- ACTION ITEM:
In the copy, include exactly the lines from the one with "Tips:自動付与メールドメ" through the end of the data and no others, both ends kept, with every picture left out.

[Opening SOURCE INFORMATION section]

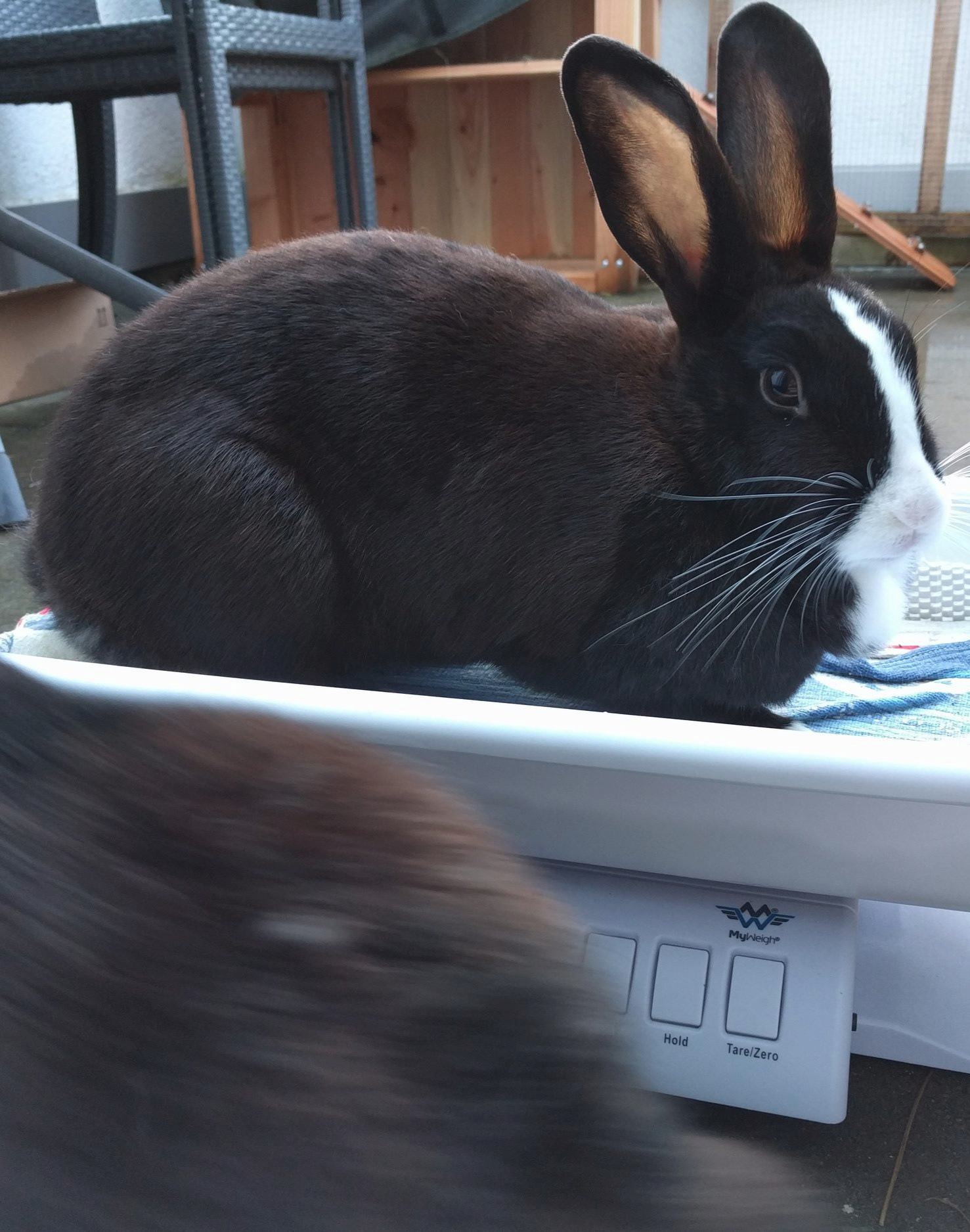 Der einzige Grund, warum ich mich in dieser Zeit freiwillig habe wiegen lassen, waren die Bananenstückchen, die es immer als Belohnung gibt, wenn man still auf der Waage sitzt. Die Zweibeiner haben einfach noch nicht verstanden, dass von süßer Banane keiner abnehmen kann - insbesondere nicht, wenn man fast jeden Tag gewogen wird. Eigentlich kann ich also gar nichts für mein Gewicht.
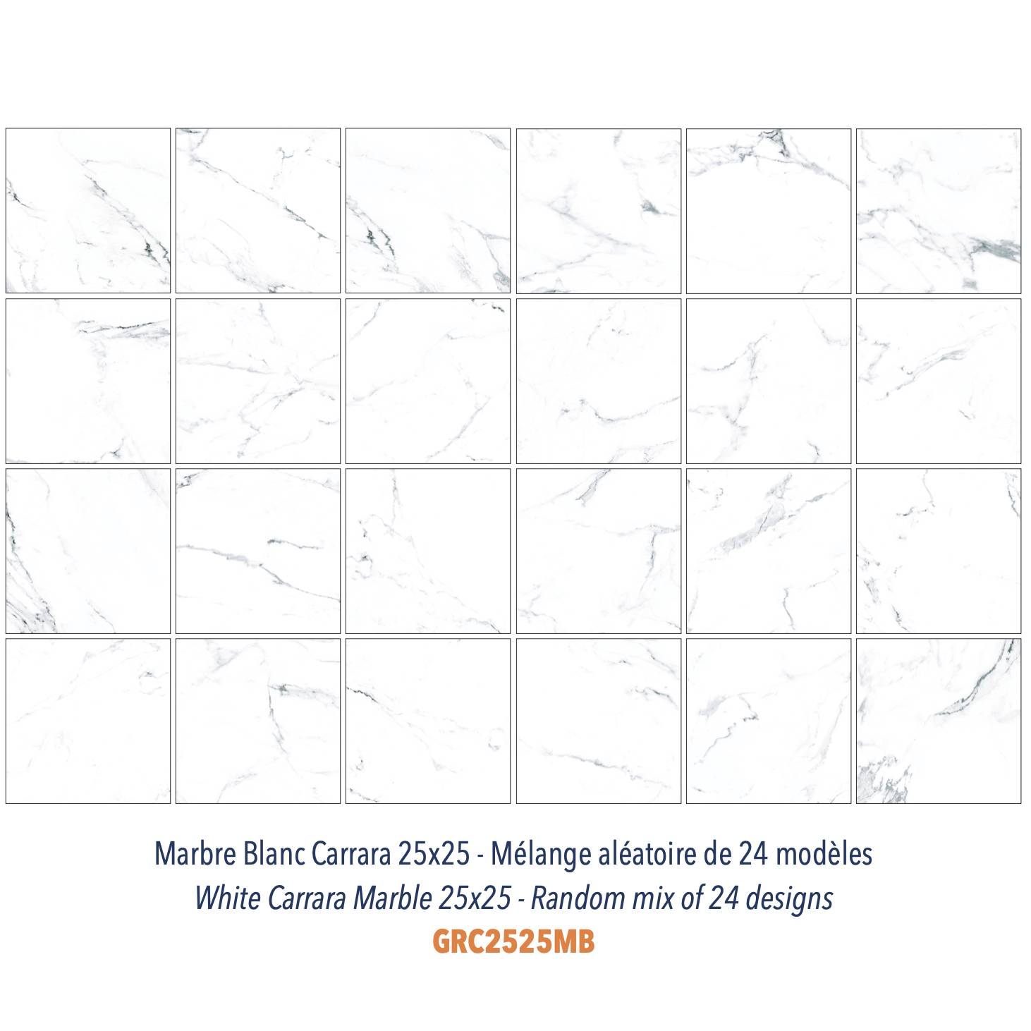 Dans chaque mètre acheté, il y a toujours au moins 10 modèles différents or l'oeil ne sait repérer que 6 modèles différents à la fois. Ainsi, une fois posé, on a l'impression que chaque carreau est unique. Exactement comme les carreaux de marbre véritable !
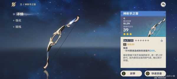 弹弓,主词加爆率,技能;普攻和重击在0.3秒内射到敌人,造成的伤害提升,如果超时就会下降百分之10,适用所有射手,效果杠杠的【如果要发挥他的所有加成效果就要贴脸射】而且他加的爆率也挺诱人的。
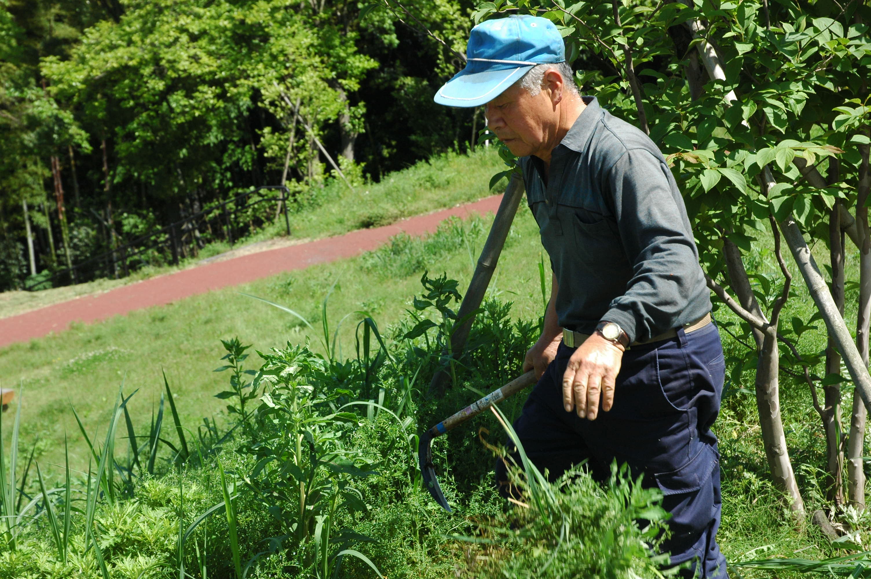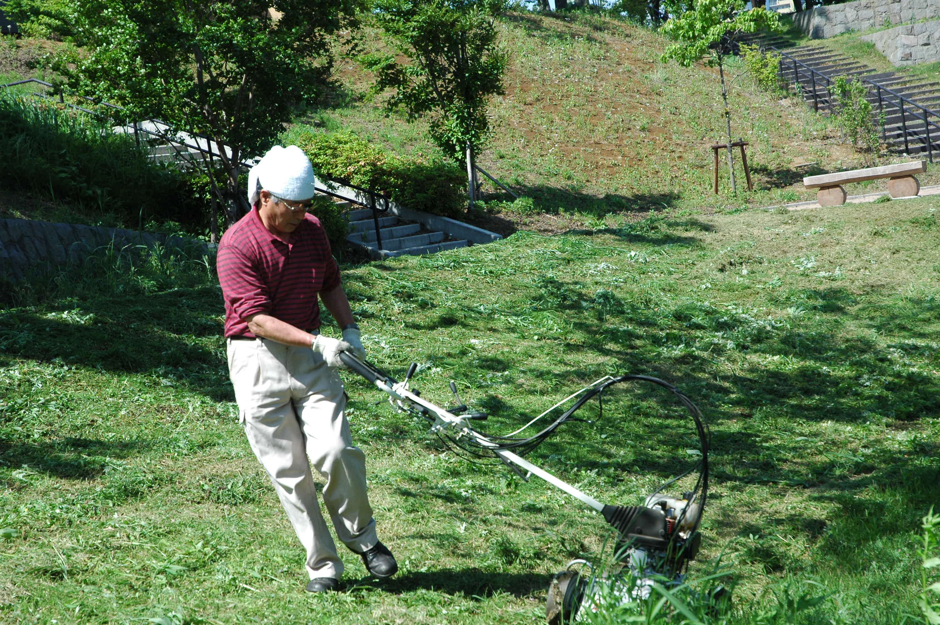 自然の空気と素晴らしい景色の中で、日頃のストレスを忘れさせる公園、積もった心の疲れを癒す公園、犬の散歩で訪れる公園ですが、立夏も過ぎ暖かい陽光に誘われて公園の夏草の成長が著しく鬱陶(うっとう)しくなってきていました。
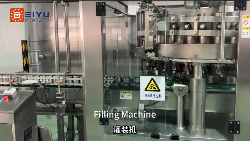Production line equipment: filling and capping machine, empty can depalletizer, empty can sterilization and cleaning machine, bottle/box Conveying system, electrical control system, water blowing machine, can turnover machine, sterilization kettle, heat shrink film packaging machine, carton wrapping machine, palletizer, carton packing machine, etc.; according to different material processes, it can be configured with warm bottle/cooling spray tunnel, loading and unloading cage machine and fully automatic trolley, full can palletizer, full can depalletizer;
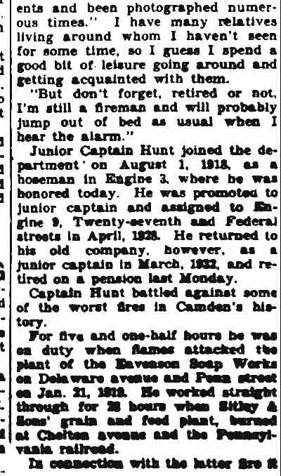 Funeral services for City Commissioner Henry Magin were held Tuesday, with many officials and colleagues in veteran's and fraternal circles participating. Commissioner Magin, who was 44, and head of the Public Works Department of Camden, died suddenly Friday, just as he had finished talking to an official. As he fell he was caught in the arms of James Carr, of the Highway Department. Services were conducted in the city commission chambers of the City Hall, and were in the charge of Rev. Dr. W. W. Ridgeway, pastor of St. Wilfred's Episcopal Church, Westfield Avenue and Dudley Streets, East Camden. Fully 8,000 persons viewed the remains Monday night as the body lay in state in the City Hall, and Mayor Brunner gave a half holiday to all city employees so they could attend the funeral service. Magin was a veteran of the World War and was injured during action on the other side. The casket was carried by war veteran associates of the public works director, who died from a heart attack Friday. A color guard from the Veterans of Foreign Wars and the American Legion preceded the casket, followed by the four remaining members of the city commission, Mayor George E. Brunner and Commissioners E. George Aaron, Mrs. Mary W. Kobus and David S. Rhone. A guard of honor lined both sides of City Hall steps, 22 policemen on one side and 22 firemen on the other, representing Magin's age, 44 years. Interment was made in the National Cemetery, at Beverly, N.J. Harry Leonard, 2750 Federal Street, had charge of the funeral.. |
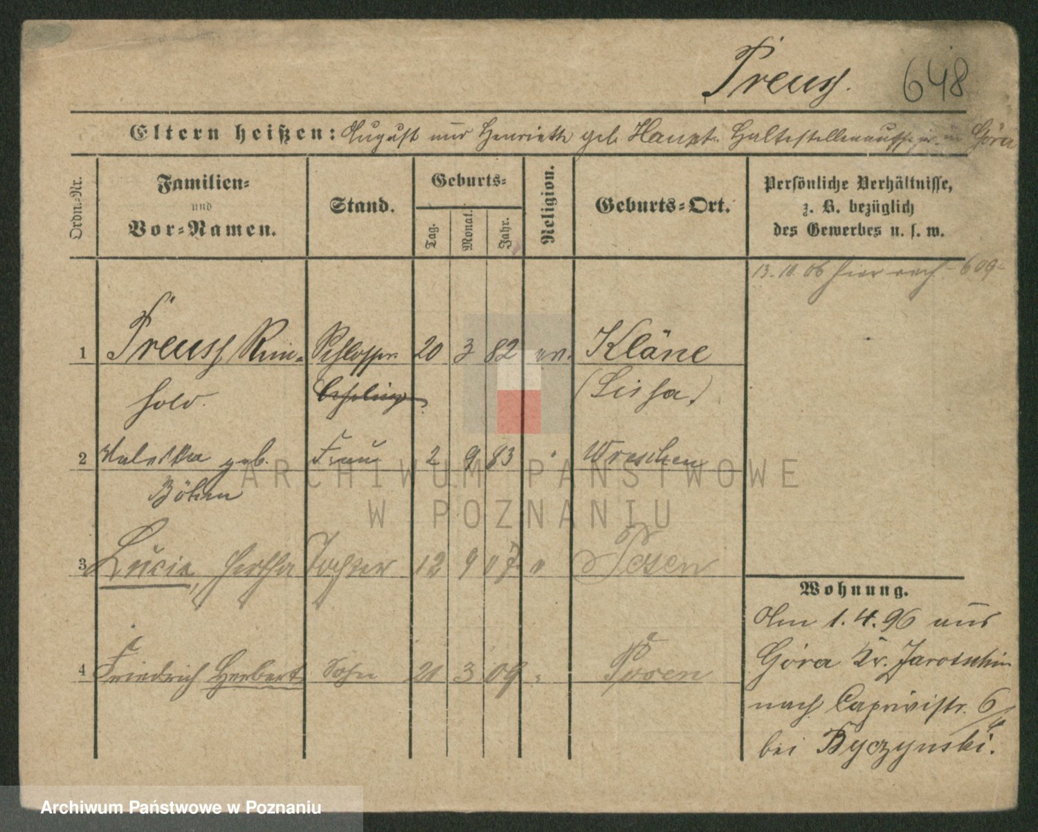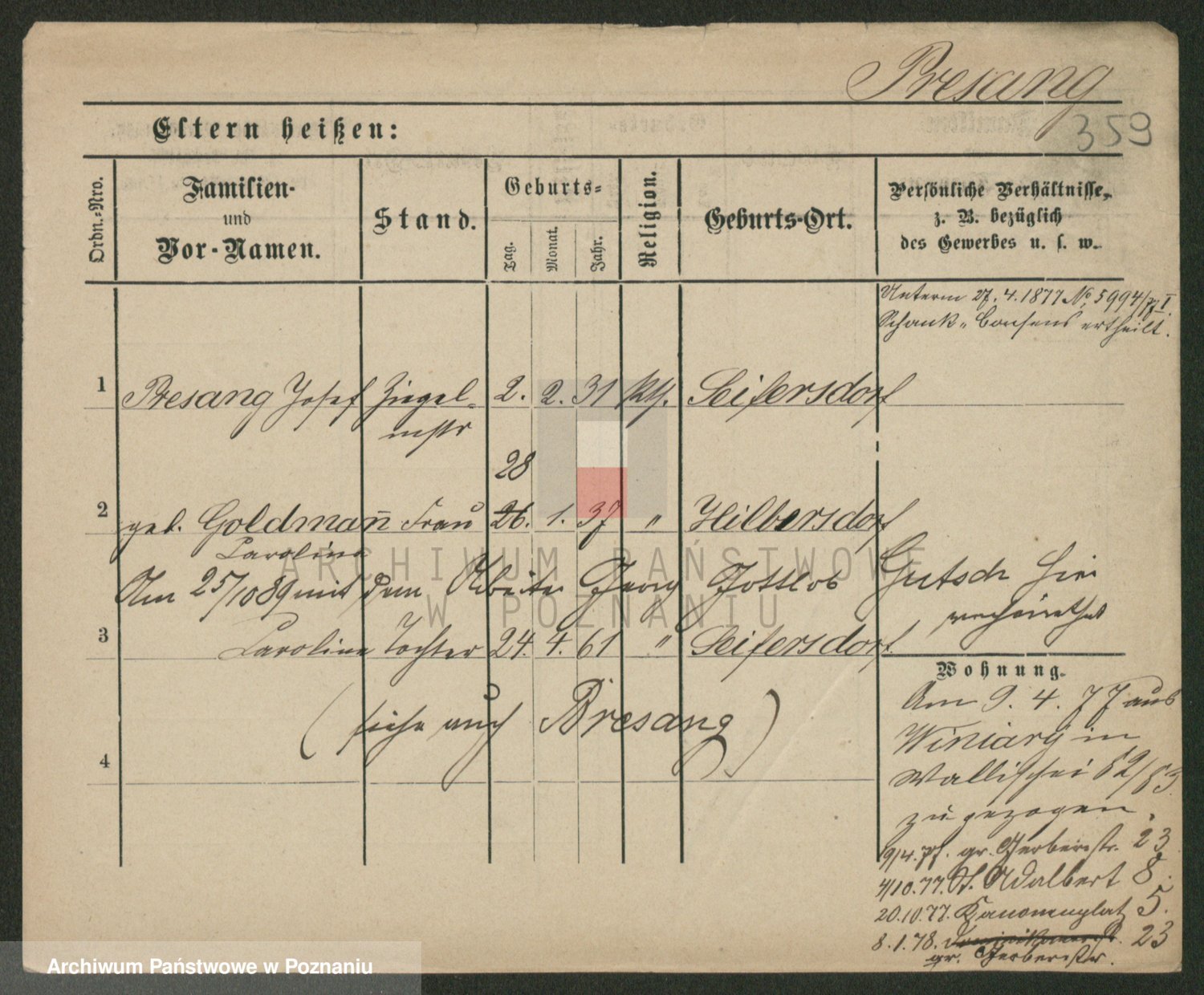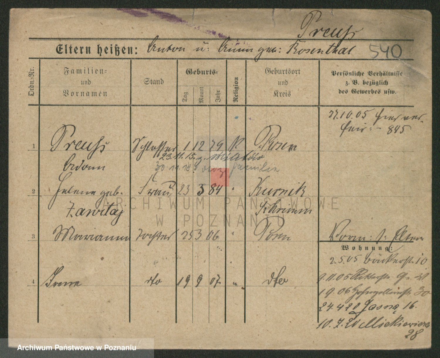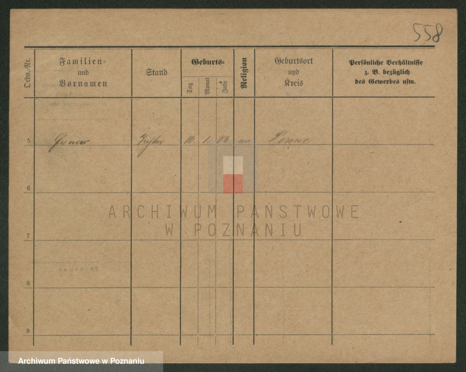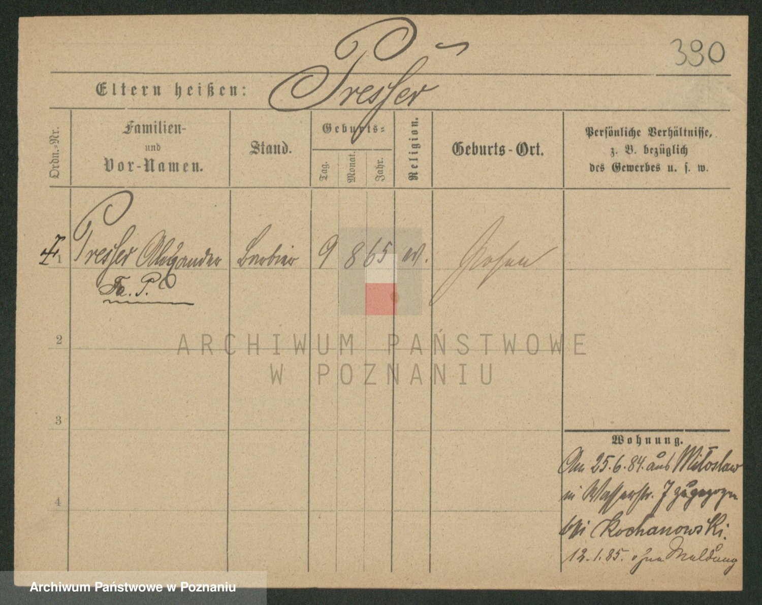 Podgląd karty osobowej dostępny jest po kliknięciu na nazwisko lub ikonkę karty. Można dokonywać powiększenia (ikony na górze) lub przechodzić między kolejnymi skanami (strzałki po bokach).
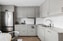 Kök med plastmatta i parkettmönster, ljusa skåpsluckor och tapetserade väggar. Kaklat stänkskydd ovan bänkskiva samt diskho. Köket är utrustat med större kyl och frys, ugn, spishäll och integrerad diskmaskin. Matplats finns i anslutning till fönster som ger naturligt ljusinsläpp.
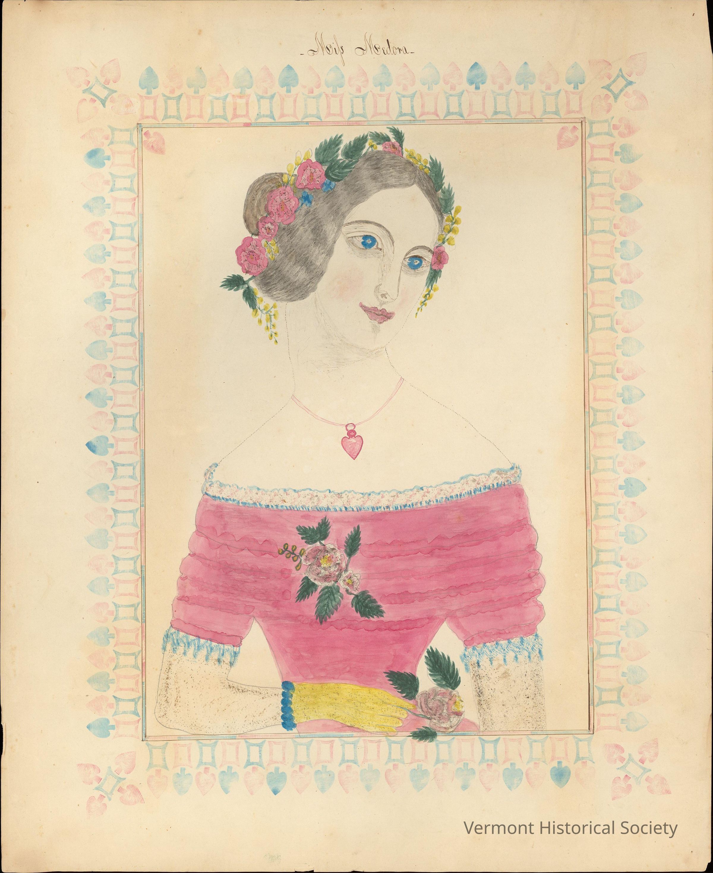 Ink and watercolor portrait of a young woman wearing a pink dress. The woman has straight brown hair worn in a bun at the back of her head with a wreath of flowers on her head. She has large blue eye and is tilting her head to the right. Her dress is off the shoulder and painted in layers to depict ruffles. There is a rose at the center of the bustline, and she is holding a rose in her left hand, which is wearing a yellow glove. The portrait is bordered by a stamped frame of pale blue and pink rectangles and spades. The top center is labeled, "Miss Medora".Context
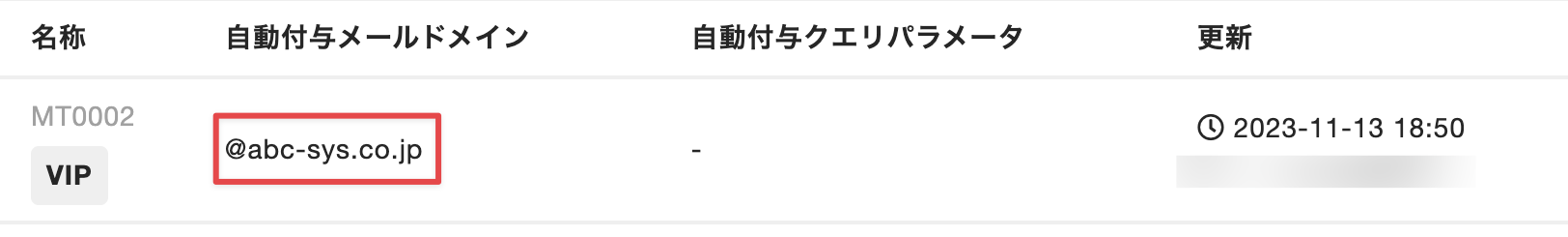 Tips:自動付与メールドメインが設定されているメンバータイプは、メンバータイプの一覧画面で確認できます。
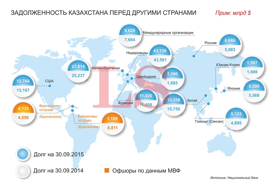 При этом республика увеличила долги перед Великобританией на 10,2%. Казахстан также имеет задолженность перед Виргинскими ($4,13 млрд) и Каймановыми островами ($1,1 млрд), которые являются офшорными зонами.

[Closing SOURCE INFORMATION section]

- OUTPUT FOR THIS TASK:
 Tips:自動付与メールドメインが設定されているメンバータイプは、メンバータイプの一覧画面で確認できます。
 При этом республика увеличила долги перед Великобританией на 10,2%. Казахстан также имеет задолженность перед Виргинскими ($4,13 млрд) и Каймановыми островами ($1,1 млрд), которые являются офшорными зонами.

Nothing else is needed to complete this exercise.